Sensitivity illustration at initial conditions

Table 1 describes the comparison results of the average value and standard deviation of the method in this paper and the traditional simulated fishing method.

Table 1 Performance comparison results of method proposed in this article and traditional methods

Analysis of Table 1 displays that the process in this paper can accurately obtain the global optimal value of all chaotic parameters, and the optimization performance is particularly special stable. However, the traditional simulation fishing method can only find the optimal value of Lyapunov exponent, which leads to poor optimization performance (Hamdi and Abie 2014; Li et al. 2018).

Table 2 describes the comparison outcomes of the iteration number and running time of the technique in this paper and the traditional simulated fishing method. More elaborative comparison of these values is done in Fig. 4 for clear understanding. The mathematical modelling through computer simulation, which is performed on a computer, and intended to estimate the behavior of or the result of a real world or actual framework. The experimental analysis shows that the proposed method has a high optimization capability. The simulation experiment results show that the proposed method has high optimization ability. The selection operation is completed through the fitness ratio method and the optimal retention strategy. The population is processed through selection, crossover, and mutation operators. This proposed chaotic model based on genetic algorithm, analyzes and extracts the correlation dimension, the largest Lyapunov exponent, and the time series.

Table 2 Comparison outcomes of the operation efficiency of technique projected in this article and the traditional method
Fig. 4
figure 4

Comparative analysis of different parameters of the proposed method and the traditional method

Analysis of Fig. 4 displays that the technique in this paper can quickly converge to the global extreme every time, while the traditional simulated fishing method is both as there are precocious or local optimal situations.

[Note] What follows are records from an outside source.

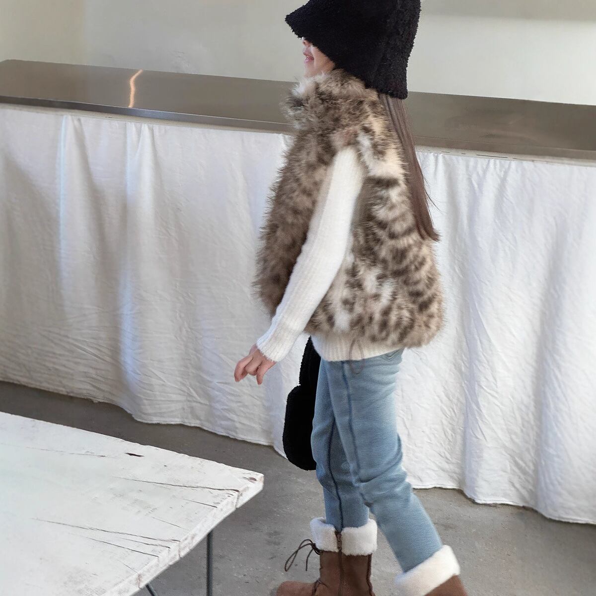 kids ヒョウ柄もこもこベスト
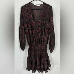 ASTR the label Women's XS Black Red Paisley Ruched Ruffle Tiered Mini Dress
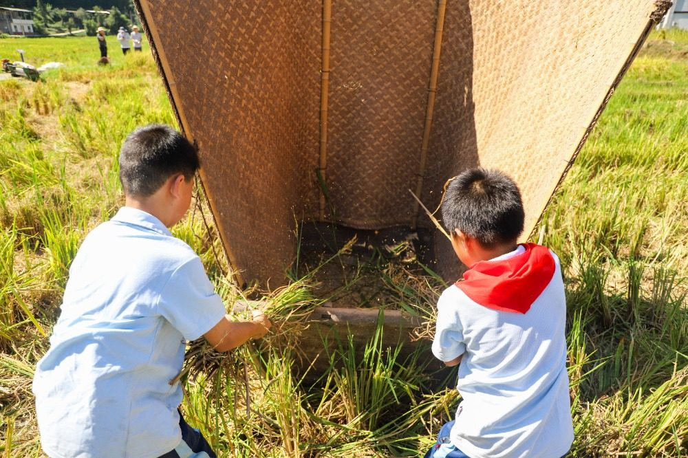 9月1日,云阳县路阳小学学生们正在体验用半桶打谷子。通讯员 谭启云 摄
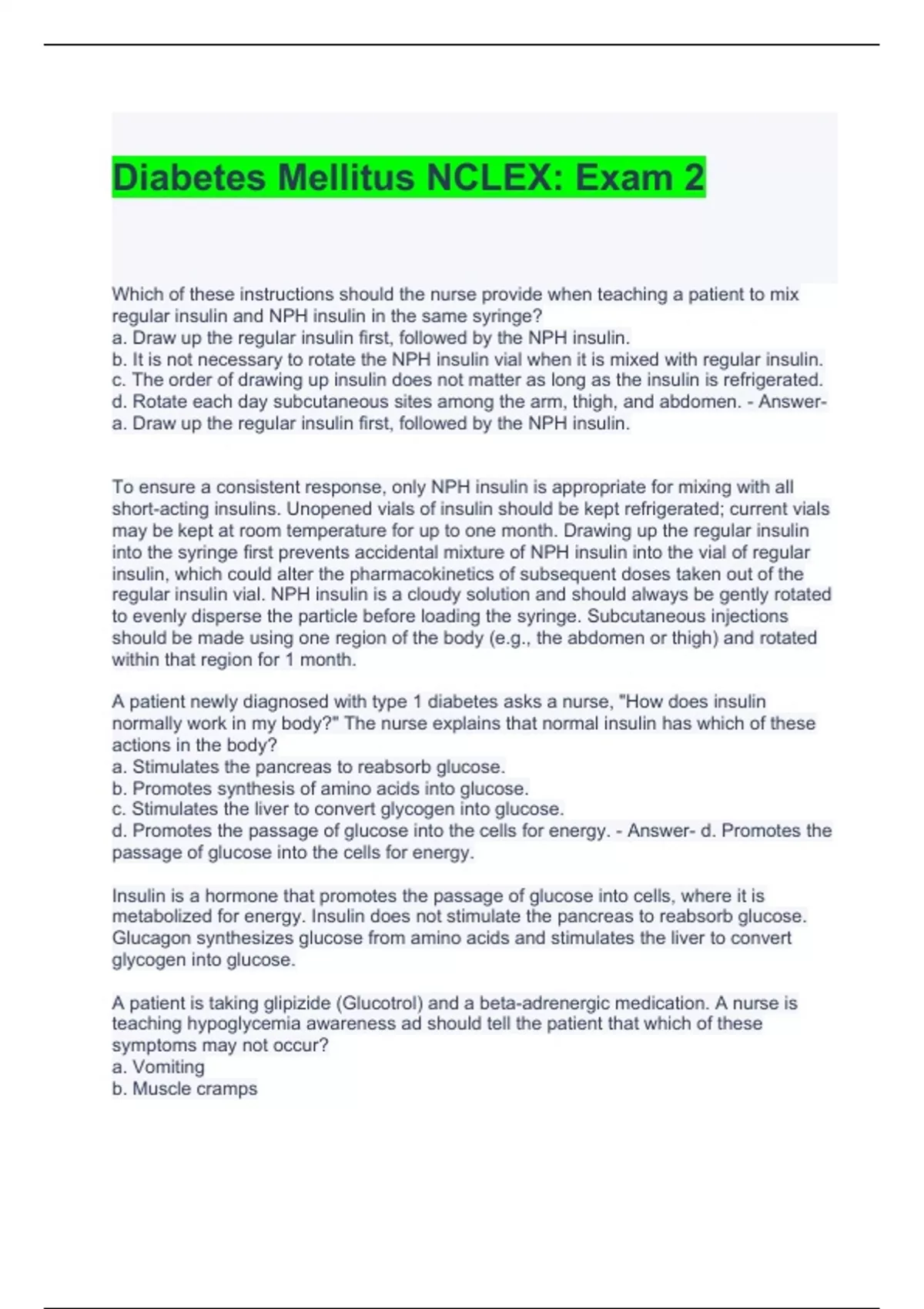 Diabetes Mellitus NCLEX Exam 2 with correct Answers

The running period of the technique in this paper is only about half of the traditional simulated fishing method, which verifies the efficiency of the method presented in this paper.

6 Conclusion

This paper proposes a big data chaotic model optimization calculation method based on an improved genetic algorithm, which overcomes the shortcomings that the big data chaos model optimization calculation process cannot achieve the global optimization and has uncertain factors. The selection operation is completed through the fitness ratio method and the optimal retention strategy. The population is processed through selection, crossover, and mutation operators. The square term and penalty function of the input control are introduced in the function to find the optimal index and fitness function. By implementing the improved genetic algorithm to optimize the correlation dimension, Lyapunov exponent, and time series, the system presents higher improvement. The experimental analysis displays that the method projected can quickly cover the global extreme every time, while the traditional simulated fishing method is both as there are precocious or local optimal situations. The method proposed in this article achieves average running time of 0.85 for correlation dimension, 0.74 for Lyapuno index and 0.76 for time series entropy, thereby outperforming the traditional method. Thus, the running time of the method in this paper is about half of the traditional simulated fishing method, which verifies the efficiency of the proposed method.